Correspondence Address:
Akihiro Inoue, Department of Neurosurgery, Ehime University School of Medicine, Toon, Ehime, Japan.

DOI:10.25259/SNI_993_2024

Copyright: © 2025 Surgical Neurology International This is an open-access article distributed under the terms of the Creative Commons Attribution-Non Commercial-Share Alike 4.0 License, which allows others to remix, transform, and build upon the work non-commercially, as long as the author is credited and the new creations are licensed under the identical terms.

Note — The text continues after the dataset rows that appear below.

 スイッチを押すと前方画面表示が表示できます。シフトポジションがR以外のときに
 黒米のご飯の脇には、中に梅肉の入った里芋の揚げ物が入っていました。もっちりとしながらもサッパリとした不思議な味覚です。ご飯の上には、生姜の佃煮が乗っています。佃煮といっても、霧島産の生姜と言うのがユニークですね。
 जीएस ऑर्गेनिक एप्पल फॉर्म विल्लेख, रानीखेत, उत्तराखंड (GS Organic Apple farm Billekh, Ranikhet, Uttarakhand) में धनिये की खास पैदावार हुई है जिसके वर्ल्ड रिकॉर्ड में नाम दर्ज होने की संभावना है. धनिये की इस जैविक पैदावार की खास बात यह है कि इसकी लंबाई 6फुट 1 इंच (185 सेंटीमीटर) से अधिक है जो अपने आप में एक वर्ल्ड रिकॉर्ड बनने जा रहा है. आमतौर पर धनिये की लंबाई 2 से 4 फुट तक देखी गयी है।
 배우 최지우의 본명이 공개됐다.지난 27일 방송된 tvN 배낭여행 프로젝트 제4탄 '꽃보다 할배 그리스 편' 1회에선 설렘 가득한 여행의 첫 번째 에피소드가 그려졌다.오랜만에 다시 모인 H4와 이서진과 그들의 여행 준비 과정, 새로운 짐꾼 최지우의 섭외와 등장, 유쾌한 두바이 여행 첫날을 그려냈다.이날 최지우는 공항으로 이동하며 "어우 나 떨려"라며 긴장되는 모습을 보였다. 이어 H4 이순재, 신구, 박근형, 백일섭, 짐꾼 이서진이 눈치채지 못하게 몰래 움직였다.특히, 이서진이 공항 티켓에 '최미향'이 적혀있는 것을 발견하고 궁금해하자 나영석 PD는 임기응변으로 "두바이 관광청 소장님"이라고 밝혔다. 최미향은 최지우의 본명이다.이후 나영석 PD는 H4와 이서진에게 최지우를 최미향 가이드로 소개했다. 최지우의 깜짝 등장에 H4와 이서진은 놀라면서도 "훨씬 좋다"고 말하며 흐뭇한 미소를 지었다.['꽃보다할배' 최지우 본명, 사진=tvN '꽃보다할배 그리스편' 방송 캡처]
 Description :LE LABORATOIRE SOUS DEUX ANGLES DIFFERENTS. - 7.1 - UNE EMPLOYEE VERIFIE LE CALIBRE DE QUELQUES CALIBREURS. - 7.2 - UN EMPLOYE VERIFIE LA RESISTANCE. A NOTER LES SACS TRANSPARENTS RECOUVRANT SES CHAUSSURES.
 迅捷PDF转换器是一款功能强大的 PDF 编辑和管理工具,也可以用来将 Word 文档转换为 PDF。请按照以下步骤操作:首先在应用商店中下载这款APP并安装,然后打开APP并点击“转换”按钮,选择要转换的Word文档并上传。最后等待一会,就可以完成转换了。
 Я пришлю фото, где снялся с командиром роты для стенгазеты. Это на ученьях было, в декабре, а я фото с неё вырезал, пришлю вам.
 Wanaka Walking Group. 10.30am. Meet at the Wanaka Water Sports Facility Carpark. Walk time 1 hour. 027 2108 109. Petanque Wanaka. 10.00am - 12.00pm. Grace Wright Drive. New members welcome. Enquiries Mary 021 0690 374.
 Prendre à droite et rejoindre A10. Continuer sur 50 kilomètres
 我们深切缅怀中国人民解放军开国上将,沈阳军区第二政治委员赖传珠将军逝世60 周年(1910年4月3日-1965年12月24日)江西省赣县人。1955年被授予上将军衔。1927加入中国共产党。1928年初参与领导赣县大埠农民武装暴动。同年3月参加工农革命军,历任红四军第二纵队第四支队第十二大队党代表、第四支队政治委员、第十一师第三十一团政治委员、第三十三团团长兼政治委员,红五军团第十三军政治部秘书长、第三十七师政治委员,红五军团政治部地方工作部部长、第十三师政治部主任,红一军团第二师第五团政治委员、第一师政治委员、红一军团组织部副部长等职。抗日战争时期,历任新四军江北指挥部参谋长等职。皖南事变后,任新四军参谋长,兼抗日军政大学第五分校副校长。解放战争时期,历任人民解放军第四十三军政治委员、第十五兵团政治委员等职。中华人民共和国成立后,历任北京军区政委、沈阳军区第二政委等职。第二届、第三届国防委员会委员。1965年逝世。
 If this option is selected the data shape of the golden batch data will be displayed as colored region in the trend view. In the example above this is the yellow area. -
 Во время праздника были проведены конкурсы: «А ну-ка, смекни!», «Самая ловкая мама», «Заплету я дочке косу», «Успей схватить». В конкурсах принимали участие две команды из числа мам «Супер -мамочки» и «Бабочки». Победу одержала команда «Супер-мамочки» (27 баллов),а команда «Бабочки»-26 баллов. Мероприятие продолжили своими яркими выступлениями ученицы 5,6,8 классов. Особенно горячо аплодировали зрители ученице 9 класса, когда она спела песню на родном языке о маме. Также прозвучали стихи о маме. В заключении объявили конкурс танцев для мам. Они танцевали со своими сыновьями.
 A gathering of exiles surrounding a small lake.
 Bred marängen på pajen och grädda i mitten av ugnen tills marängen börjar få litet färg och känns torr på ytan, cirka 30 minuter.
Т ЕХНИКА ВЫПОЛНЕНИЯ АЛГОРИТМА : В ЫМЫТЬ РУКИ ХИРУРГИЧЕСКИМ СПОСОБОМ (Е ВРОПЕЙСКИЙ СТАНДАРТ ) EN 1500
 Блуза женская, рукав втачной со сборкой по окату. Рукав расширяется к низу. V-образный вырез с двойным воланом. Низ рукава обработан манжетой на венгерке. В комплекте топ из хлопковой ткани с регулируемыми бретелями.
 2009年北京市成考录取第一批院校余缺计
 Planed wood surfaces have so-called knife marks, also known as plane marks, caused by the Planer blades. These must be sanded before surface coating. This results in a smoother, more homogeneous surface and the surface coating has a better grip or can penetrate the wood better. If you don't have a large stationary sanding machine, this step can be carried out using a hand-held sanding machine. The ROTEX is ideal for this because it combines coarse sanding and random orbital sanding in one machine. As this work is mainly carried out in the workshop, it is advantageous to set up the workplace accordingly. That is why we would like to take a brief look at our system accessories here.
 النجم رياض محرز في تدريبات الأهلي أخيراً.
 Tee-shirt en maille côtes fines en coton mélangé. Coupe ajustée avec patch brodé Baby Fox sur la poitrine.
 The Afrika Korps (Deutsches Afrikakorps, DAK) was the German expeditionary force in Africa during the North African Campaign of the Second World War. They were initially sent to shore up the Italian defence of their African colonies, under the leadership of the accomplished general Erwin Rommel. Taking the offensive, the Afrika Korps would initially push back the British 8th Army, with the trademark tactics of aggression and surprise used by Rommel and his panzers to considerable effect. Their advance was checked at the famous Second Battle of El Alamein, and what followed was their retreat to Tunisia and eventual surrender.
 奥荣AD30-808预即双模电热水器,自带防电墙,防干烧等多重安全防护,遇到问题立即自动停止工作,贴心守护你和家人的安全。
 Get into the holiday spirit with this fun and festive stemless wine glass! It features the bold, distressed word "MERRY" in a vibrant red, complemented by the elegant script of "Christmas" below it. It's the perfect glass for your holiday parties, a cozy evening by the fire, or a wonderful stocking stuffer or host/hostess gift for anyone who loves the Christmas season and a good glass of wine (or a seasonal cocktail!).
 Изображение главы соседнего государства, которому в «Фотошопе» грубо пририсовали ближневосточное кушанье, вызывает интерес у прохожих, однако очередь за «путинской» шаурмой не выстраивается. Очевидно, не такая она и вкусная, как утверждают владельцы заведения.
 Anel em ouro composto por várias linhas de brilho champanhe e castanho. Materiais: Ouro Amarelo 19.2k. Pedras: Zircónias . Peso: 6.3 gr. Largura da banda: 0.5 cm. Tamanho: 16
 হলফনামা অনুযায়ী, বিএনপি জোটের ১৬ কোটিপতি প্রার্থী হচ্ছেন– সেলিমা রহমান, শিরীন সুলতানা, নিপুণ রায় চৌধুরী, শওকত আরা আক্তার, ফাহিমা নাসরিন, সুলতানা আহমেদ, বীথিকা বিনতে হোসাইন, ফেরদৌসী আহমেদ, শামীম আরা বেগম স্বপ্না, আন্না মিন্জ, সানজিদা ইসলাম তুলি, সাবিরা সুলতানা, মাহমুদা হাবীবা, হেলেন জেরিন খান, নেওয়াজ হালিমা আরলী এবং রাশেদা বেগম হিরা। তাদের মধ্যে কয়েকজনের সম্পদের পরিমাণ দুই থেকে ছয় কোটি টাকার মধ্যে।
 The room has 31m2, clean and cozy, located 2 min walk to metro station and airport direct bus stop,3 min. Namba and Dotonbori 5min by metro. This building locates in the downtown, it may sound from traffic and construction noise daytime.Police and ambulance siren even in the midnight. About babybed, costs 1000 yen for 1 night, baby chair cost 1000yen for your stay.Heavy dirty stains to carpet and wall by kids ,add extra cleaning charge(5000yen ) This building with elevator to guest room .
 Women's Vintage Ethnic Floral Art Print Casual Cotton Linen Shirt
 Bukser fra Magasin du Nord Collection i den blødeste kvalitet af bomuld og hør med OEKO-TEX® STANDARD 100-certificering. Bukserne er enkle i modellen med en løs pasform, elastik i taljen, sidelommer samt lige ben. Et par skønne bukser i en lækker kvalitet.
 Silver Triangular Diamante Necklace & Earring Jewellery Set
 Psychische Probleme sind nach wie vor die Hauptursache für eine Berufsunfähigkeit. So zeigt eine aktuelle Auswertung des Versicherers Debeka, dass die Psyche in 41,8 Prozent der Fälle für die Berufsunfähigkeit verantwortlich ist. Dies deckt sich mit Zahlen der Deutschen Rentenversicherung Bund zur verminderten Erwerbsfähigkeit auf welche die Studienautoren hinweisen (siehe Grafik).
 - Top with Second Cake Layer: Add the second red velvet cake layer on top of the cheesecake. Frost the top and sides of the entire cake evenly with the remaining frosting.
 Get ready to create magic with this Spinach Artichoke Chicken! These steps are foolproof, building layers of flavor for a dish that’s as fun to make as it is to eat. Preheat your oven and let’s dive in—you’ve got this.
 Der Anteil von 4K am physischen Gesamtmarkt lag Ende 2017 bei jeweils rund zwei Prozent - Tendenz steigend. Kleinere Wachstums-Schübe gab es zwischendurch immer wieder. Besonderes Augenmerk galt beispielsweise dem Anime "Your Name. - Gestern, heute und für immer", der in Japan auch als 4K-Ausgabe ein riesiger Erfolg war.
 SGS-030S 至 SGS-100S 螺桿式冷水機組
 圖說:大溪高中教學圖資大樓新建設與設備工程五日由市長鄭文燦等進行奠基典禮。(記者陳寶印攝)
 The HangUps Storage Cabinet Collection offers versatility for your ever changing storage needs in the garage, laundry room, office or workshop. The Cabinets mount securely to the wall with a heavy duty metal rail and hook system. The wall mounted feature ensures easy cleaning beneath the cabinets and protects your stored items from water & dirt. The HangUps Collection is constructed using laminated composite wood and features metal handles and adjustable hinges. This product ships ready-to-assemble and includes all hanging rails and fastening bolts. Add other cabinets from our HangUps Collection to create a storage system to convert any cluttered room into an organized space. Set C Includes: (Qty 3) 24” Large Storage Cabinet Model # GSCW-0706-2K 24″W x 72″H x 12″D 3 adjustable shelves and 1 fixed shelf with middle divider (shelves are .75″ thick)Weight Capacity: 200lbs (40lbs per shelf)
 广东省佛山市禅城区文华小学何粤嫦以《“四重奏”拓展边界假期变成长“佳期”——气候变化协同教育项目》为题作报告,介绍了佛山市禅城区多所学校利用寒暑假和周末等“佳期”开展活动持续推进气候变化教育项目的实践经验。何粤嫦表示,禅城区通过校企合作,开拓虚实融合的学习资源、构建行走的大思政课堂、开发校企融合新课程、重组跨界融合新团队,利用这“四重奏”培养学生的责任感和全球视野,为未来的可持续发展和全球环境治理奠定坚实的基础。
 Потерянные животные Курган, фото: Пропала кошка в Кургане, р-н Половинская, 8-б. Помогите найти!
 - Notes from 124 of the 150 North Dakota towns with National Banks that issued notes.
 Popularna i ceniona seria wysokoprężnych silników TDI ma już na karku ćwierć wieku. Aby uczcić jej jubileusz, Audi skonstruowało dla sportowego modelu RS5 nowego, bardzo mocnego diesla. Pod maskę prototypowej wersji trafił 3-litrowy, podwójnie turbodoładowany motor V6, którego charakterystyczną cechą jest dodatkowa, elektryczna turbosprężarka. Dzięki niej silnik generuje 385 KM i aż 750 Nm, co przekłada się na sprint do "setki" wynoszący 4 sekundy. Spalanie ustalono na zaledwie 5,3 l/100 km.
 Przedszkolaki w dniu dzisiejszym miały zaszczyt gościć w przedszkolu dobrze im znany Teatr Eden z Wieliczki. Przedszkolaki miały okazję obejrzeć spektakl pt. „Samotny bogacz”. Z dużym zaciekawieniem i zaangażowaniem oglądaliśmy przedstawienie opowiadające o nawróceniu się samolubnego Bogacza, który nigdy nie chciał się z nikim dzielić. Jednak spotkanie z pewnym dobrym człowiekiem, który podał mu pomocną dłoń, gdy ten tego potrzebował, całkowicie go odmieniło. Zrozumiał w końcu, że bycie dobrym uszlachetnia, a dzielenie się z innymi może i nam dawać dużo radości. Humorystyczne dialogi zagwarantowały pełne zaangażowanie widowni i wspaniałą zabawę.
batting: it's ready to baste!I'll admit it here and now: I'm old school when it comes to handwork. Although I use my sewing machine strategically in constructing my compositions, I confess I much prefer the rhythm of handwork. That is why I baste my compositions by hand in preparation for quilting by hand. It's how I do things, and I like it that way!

How to cite this article: Ryo Inagaki1, Daisuke Kohno1, Seiji Shigekawa1, Akihiro Inoue1, Riko Kitazawa2, Takeharu Kunieda1. Radiological and pathological findings of spinal intramedullary granular cell tumor. 31-Jan-2025;16:28

How to cite this URL: Ryo Inagaki1, Daisuke Kohno1, Seiji Shigekawa1, Akihiro Inoue1, Riko Kitazawa2, Takeharu Kunieda1. Radiological and pathological findings of spinal intramedullary granular cell tumor. 31-Jan-2025;16:28. Available from: https://surgicalneurologyint.com/?post_type=surgicalint_articles&p=13357

Date of Submission
24-Nov-2024

Date of Acceptance
04-Jan-2025

Date of Web Publication
31-Jan-2025

Abstract

Background: Granular cell tumors (GCTs) are rare, usually benign, tumors with classic histomorphology. This tumor can occur throughout the body, but the spine is a distinctly rare location. Here, we report a very rare case of intramedullary GCT arising in the thoracic spinal cord.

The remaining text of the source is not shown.